* YOUR OBJECTIVE
Skipping all pictures, set down the lines of the listing from the first through the one with "除了按场馆分类选择外,还有各".

* INPUT DATA
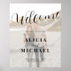 Modern minimalist black and white simple classic custom overlay photo wedding welcome sign printable poster template featuring a handwritten bold chic calligraphy script. +++++++++++++++++ Ideal for elegant classy stylish budget affordable wedding celebration or anniversary.
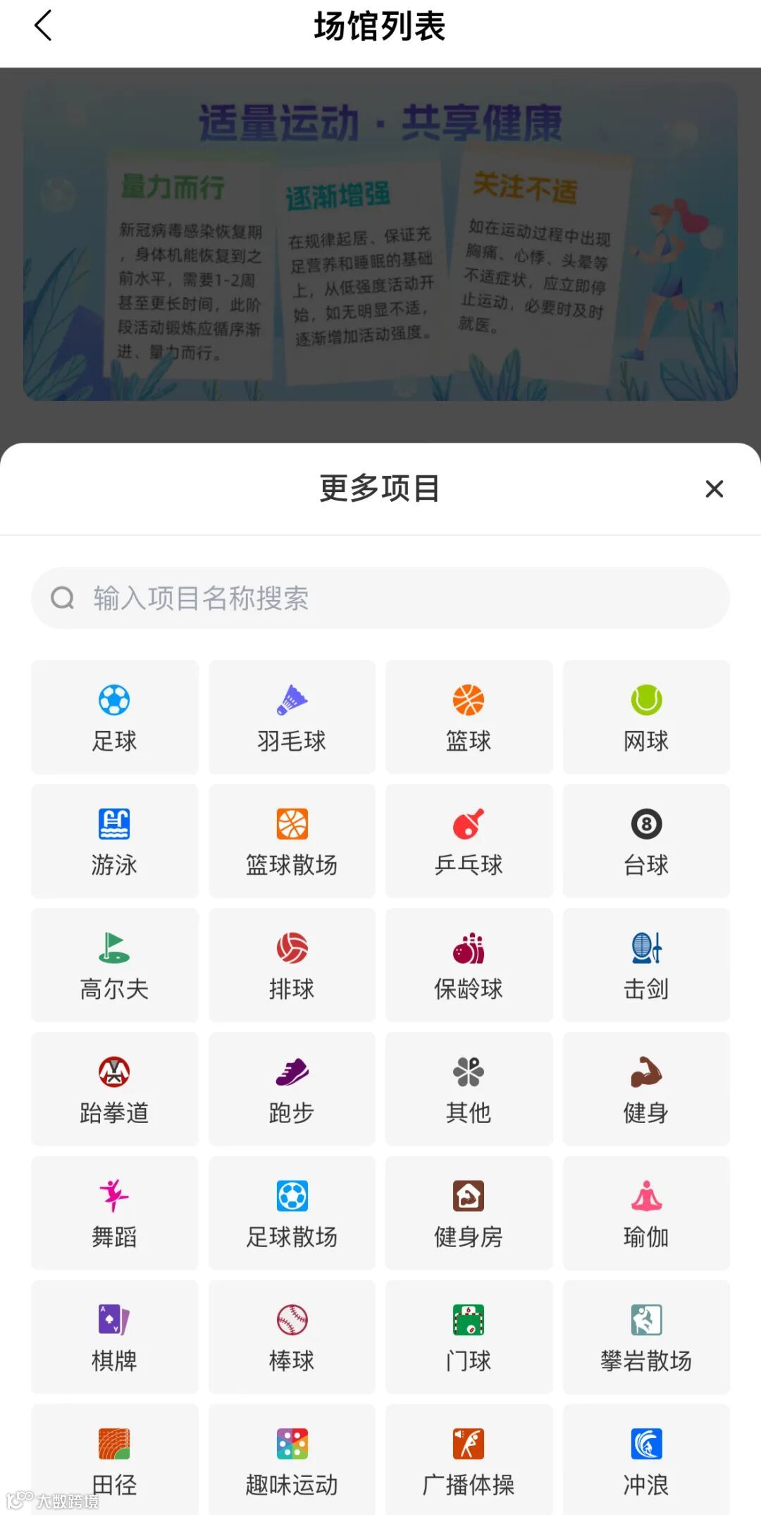 除了按场馆分类选择外,还有各项运动的分类,基本涵盖大众、小众运动,市民可以根据想玩的运动项目选择合适的场馆。
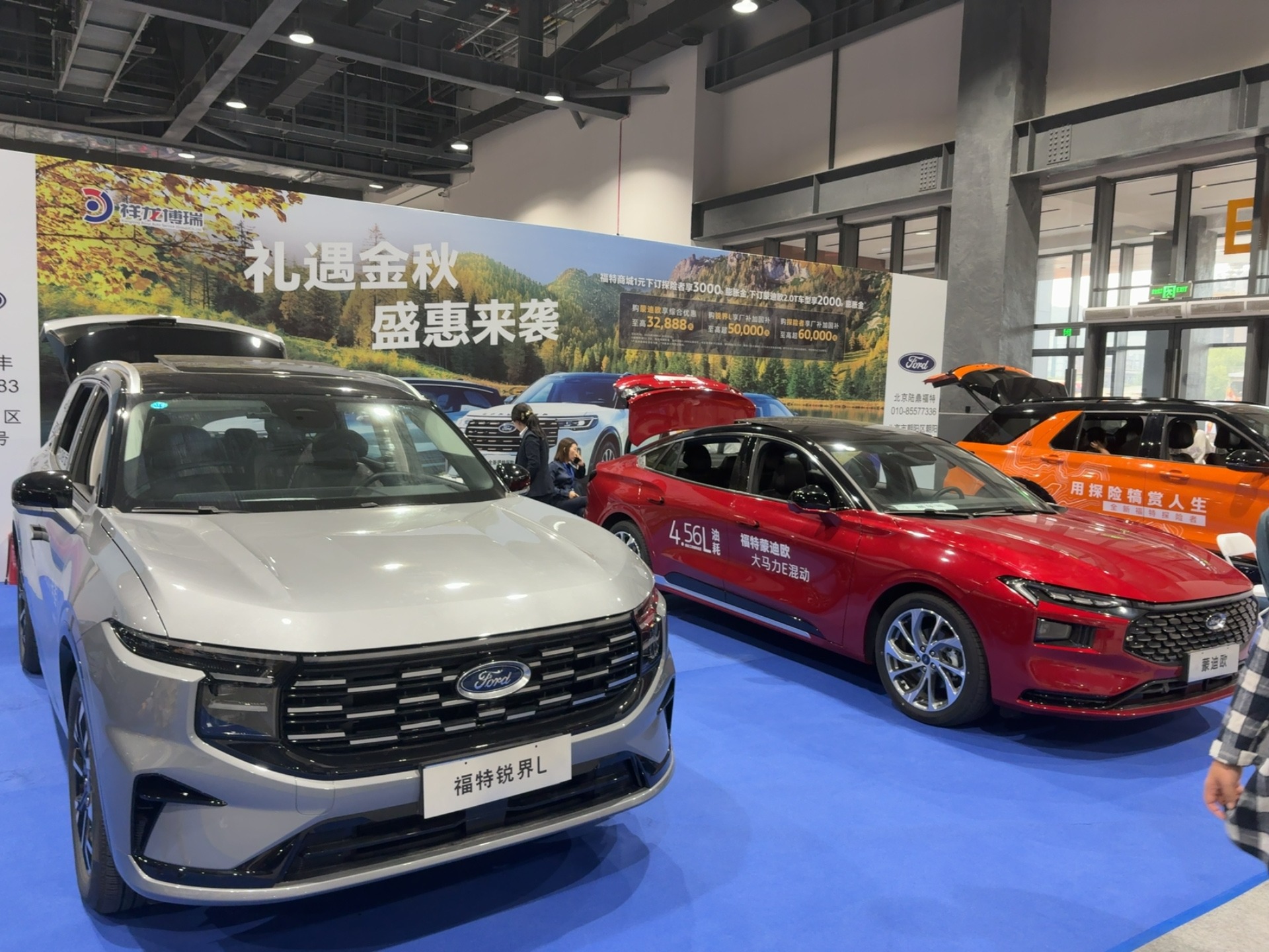 2025 第三十八季博瑞汽车大集上,福特以 “礼遇金秋 盛惠来袭” 为主题强势参展,带来探险者、蒙迪欧、锐界 L组成的美式豪华矩阵,覆盖硬派越野、混动轿车、家用 SUV 全品类,凭借百年美式基因、混动技术突破与展会专属福利,成为户外爱好者与家庭用户的关注焦点。

* RESULT FOR THIS TASK
 Modern minimalist black and white simple classic custom overlay photo wedding welcome sign printable poster template featuring a handwritten bold chic calligraphy script. +++++++++++++++++ Ideal for elegant classy stylish budget affordable wedding celebration or anniversary.
 除了按场馆分类选择外,还有各项运动的分类,基本涵盖大众、小众运动,市民可以根据想玩的运动项目选择合适的场馆。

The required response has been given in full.